Using that TASKID, we would then use the ChangeTriggerTiming operation (method) , and then change the timing of the trigger for the task message to execute. In addition to the TASKID, which we had, we usually used the number 0, and a newtime of “01-01-2014 15:30”. The date could be any date, as long as it was shortly prior to the actual time you were working on this.
We would do this for about 5 or 10 messages per day. Within about 1 week we saw substantial improvement and the numbers of outstanding requests drop. Within 2 weeks they were all pretty much handled correctly.
Summary:
This was a slow tedious process, but we were able to save the customer the headache of losing the problem change messages. We believe that we could develop a workflow process to automate some of this going forward. However, given the fact that the Merge component is no longer used, that may not be necessary.

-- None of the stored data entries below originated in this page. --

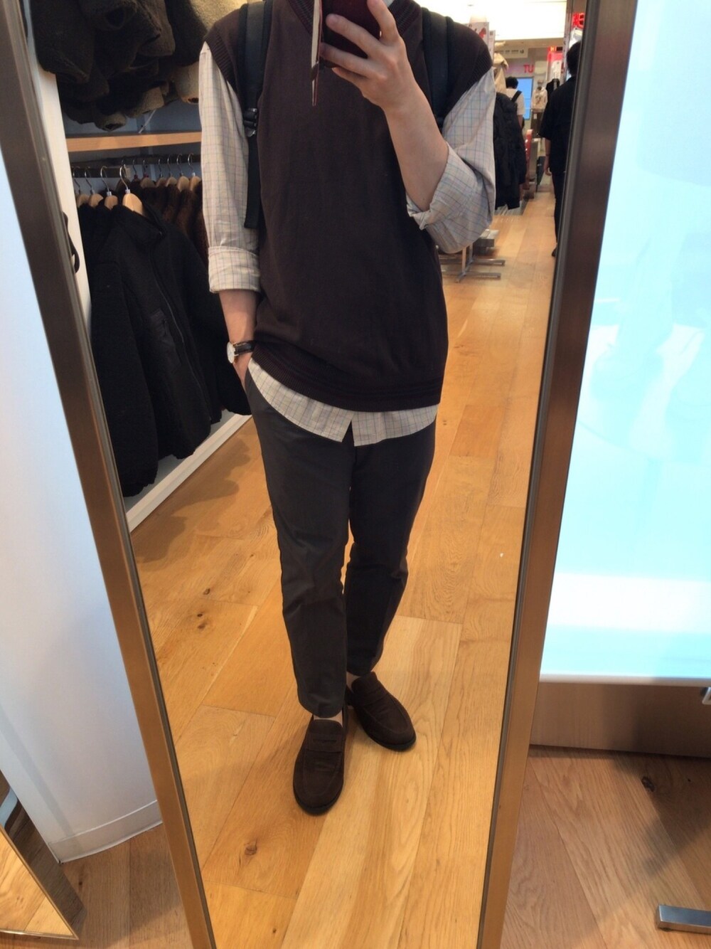 トレンドとは言え、ニットベストをどう着るべきか… GUのチルデンニットベストを使った着こなし トレンドのニットベストですが、個人的には大学生とか20代前半くらいの子が良く着てるイメージがあるんですよね、あと韓国系のファッションでも良く着られてる印象…(多少偏見もあるかもしれませんが…笑) インナーにTシャツを合わせたりすると、まさにそんな感じにしか見えなくなるので、今回は大人っぽさを意識してインナーにはシャツを、ニットベスト・パンツ・シューズはあえておっさん臭い印象もあるブラウンで統一 このくらいなら大人のニットベストコーデとして悪くはないかと…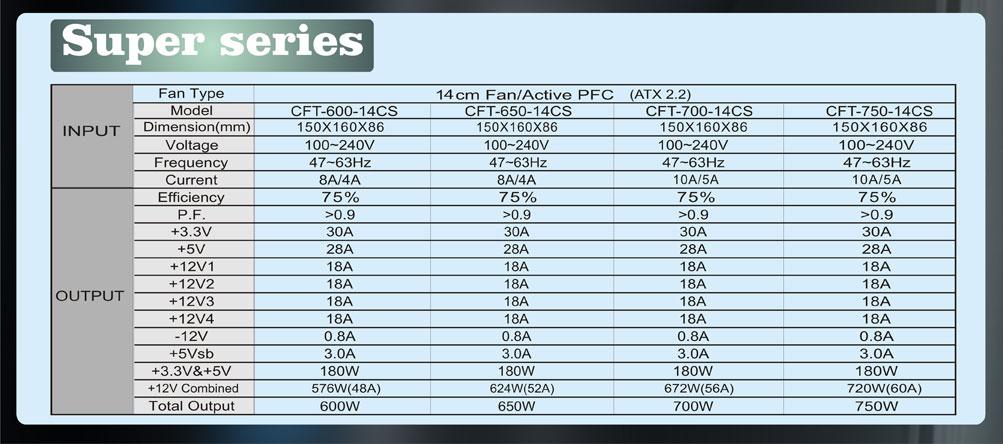 Fant at oppgitt effektivitet er 75%, som vil si at den skal tåle en konstant belastning på omlag 560W. Spørsmålet er hvordan dette fordeles? Her er skjemaet: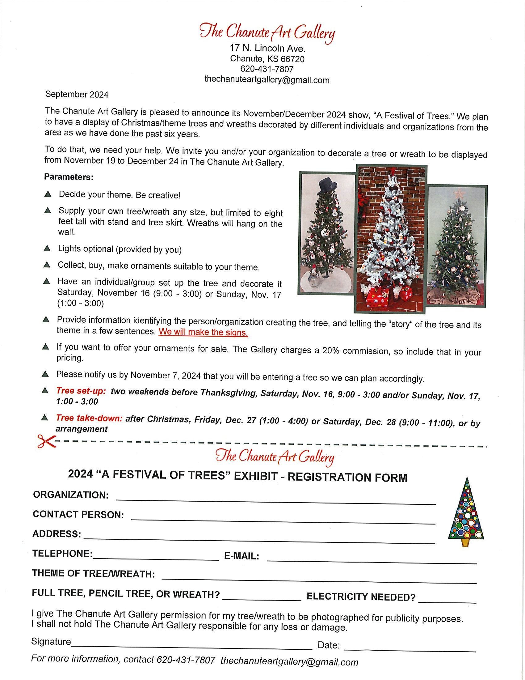 We invite you or your organization to decorate a tree or wreath to be displayed from Nov. 19 to Dec. 24 in The Chanute Art Gallery.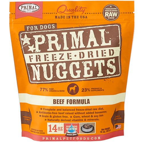 Let your dog connect to its primal side with the Primal Freeze Dried Beef Formula for Dogs! This freeze dried dog food contains antibiotic, hormone, and steroid free beef. Plus Primal Freeze Dried Beef Formula for Dogs contains ground bone for added calcium. Your dog will gobble up this organic and grain free dog food formula! It won't know it's being spoiled with essential vitamins and minerals! So let your dog let out its inner wolf with the Primal Freeze Dried Beef Formula for Dogs!
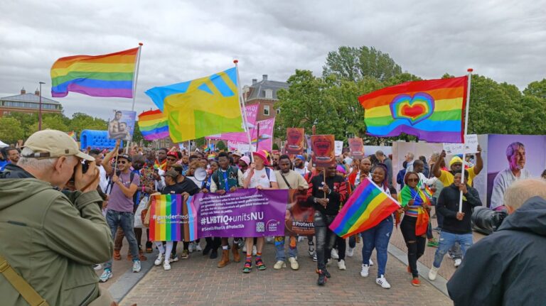 Afgelopen zaterdag hield LGBT Asylum Support tijdens de Amsterdamse Pride Walk met een groep van meer dan 100 lhbtiq+ asielzoekers als protest een sit-in naast de brug van het Homomonument. In navolging van de Pride Walk in Londen waar een groep van Ugandese lhbtiq+ de Pride Walk uit protest met een half uur stillegde, was het in Amsterdam een oproep om aandacht te vragen voor de kwetsbare positie van alle lhbtiq+ asielzoekers in Nederland. Op aanwijzingen van voorzitter Sandro Kortekaas van LGBT Asylum Support, hielden niet alleen de drummers zich stil, maar stopte met deze actie een deel van de Amsterdamse Pride Walk in een halve minuut zittend, verstild protest op de brug naast het homomonument.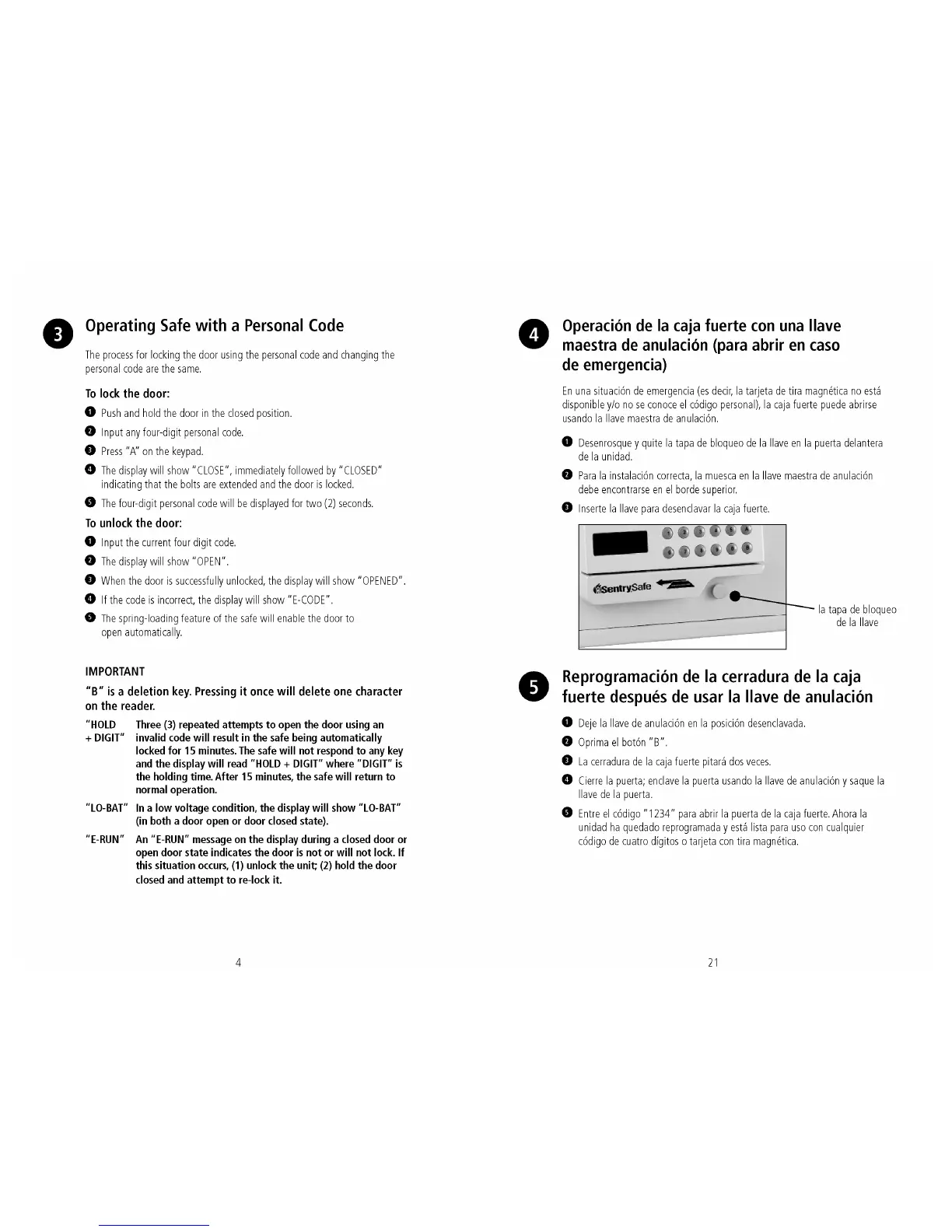 SentrySafe H060ES - Auxiliary Battery Pack for Power Failure; Connecting and Using the Remote Battery Pack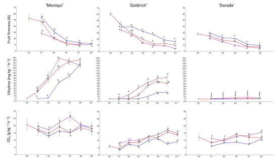 Evolution of fruit firmness by compression (N), ethylene emission (mg kg−1 h−1) and CO2 emission (g kg−1 h−1) of apricot cultivars assayed during the shelf-life period at 20 °C for control (red color), 1-MCP (blue color), and Ethrel treatments (purple color). Letters show significant differences in the Tukey test (p-value < 0.05).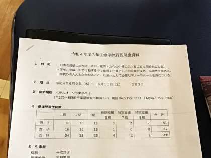学校公開日の一つとして、修学旅行説明会を行っています。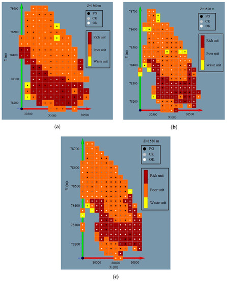 Maps of real block values obtained from mean of blastholes with optimum estimation method (e.g., three exploited levels). (a) is the horizontal section z = 1560 m, (b) is the horizontal section z = 1570 and (c) is the horizontal section z = 1580 m.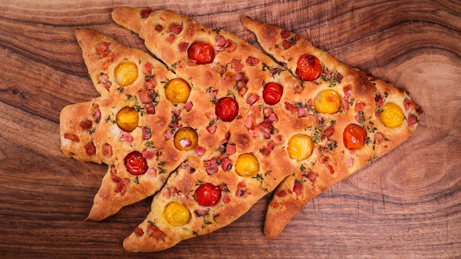 This is a great last-minute option for a festive bake. It is extremely simple, requires almost no preparation, and you don’t have to look after it either because it ferments in the fridge while you get on with your day. The result is a delicious and arguably beautiful bread.
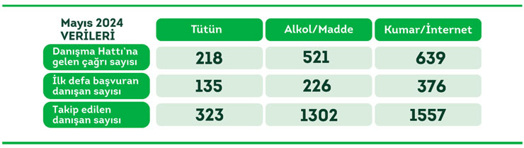 Mayıs ayında 115 YEDAM Danışma Hattı'mıza gelen 16.322 çağrı, uzmanlarımızca yanıtlandı. Danışma Hattı kurulduğu günden bu yana toplam 1.149.664 çağrı almıştır. Sabah 08.30 ile gece 00.00 arasında hizmet veren danışma hattımız bağımlı kişilere, ailelerine ve bağımlılık hakkında bilgi sahibi olmak isteyen herkese destek vermektedir.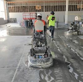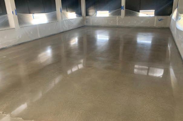 Initially, you need to consider if the concrete floor is going to be newly placed concrete or if it’s an existing slab. If it’s going to be a newly placed slab and you are given the opportunity to provide input for the mix design and finish, it would be beneficial to suggest the following. These criteria will generally give you a good start towards providing the customer with a greatlooking densified and polished floor. • Avoid air-entrained concrete if possible. • Minimize fly ash and other fillers (ideally less than 20%). • Concrete with PSI strength between 3,500 and 5,000 is optimal. • When finishing, the flatter the better and preferably not burned in.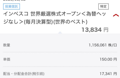 今日は1銘柄の分配金が入金。 楽天証券 ・世界のベスト 13834円 マネックス証券・世界のベスト 1725円 SBI証券 ・世界のベスト 80円 合計 15639円となる。 世界のベストやカバコなどはたこ足・手数料が高すぎる・非効率だのいろいろないわれようだが、1ヶ月でも長く分配金を受け取り続けた者のみが元を取れる。 今後もほどほどに増やしていきたいところではある。 さらに2月の権利日を通過。 …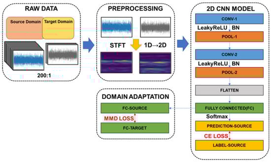 According to the results of [], STFT has great potential to preprocess vibration signals and is beneficial to the follow-up CNN training. In this study, the architecture of the proposed CNN model is shown in Figure 3. At first, the vibrational signals (raw data) are transformed into STFT time-frequency spectra, the raw vibrational signal is transferred into image. Then, a CNN model with seven layers including one input layer, two convolution layers, two pooling layers, one fully connected layer, and one output layer, is trained to classify the bearing conditions. The detailed network structure of the CNN is introduced in Table 1. Finally, a domain adaptation model is trained to reduce the distribution distance between two domains (target and source). Please note that a large imbalanced data ratio between source and target sets is considered for the manufacturing site. In addition, the cross-entropy (CE) loss is utilized for the training of source data and the MMD loss is adopted to minimize the distribution difference.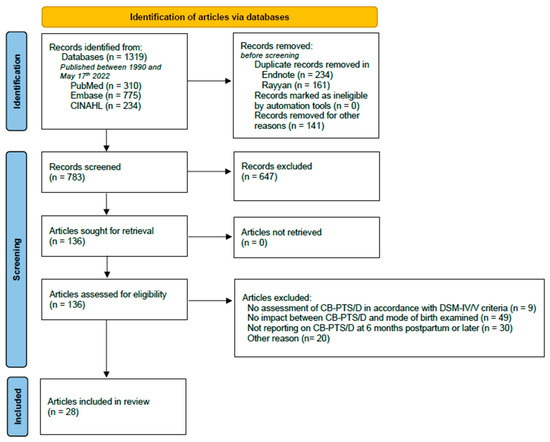 Both quantitative and qualitative studies were eligible for this review. We included English written published articles and did not include results of unpublished data or materials. Studies that recruited women during pregnancy or after childbirth were eligible. We excluded studies reporting results exclusively for women younger than 18 and/or for those with less favorable perinatal outcomes (such as postpartum hemorrhage and premature or low-birth weight newborns), as those conditions are associated with CB-PTS/D [40,41].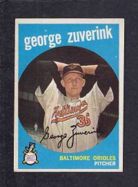 ITEM# : CS81186851 1959 TOPPS BASEBALL CARD #219 G. ZUVERING DESCRIPTION 1959 TOPPS BASEBALL CARD #219 G. ZUVERING CONDITION EX+ NO CREASE PRICE $2.99 USD SHIPPING CANADA RESIDENT $3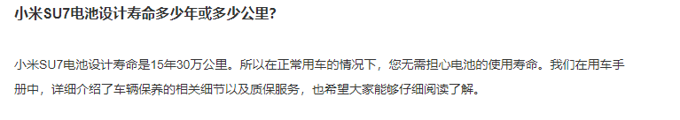但问题是,小米说自己寿命有 15 年,那你质保为啥还是 8 年 / 16 万公里?

Other related SQL QUERIES used:
/*select mp2.* from MessageProperties2 mp2
join messageproperties mp with (nolock) on
mp.messageid = mp2.messageid
and mp.Attributekey = 'trigger_date'
*/
--select * from messageproperties2
--Verify the restore
SELECT DISTINCT(MessageProperties.AttributeNumValue - MessageProperties2.Value) FROM MessageProperties, MessageProperties2
WHERE MessageProperties.MessageId COLLATE DATABASE_DEFAULT = MessageProperties2.MessageId COLLATE DATABASE_DEFAULT
AND MessageProperties.AttributeKey = 'TRIGGER_DATE'
AND QueueName = 'local.workflowsqlexchange-change_management.task'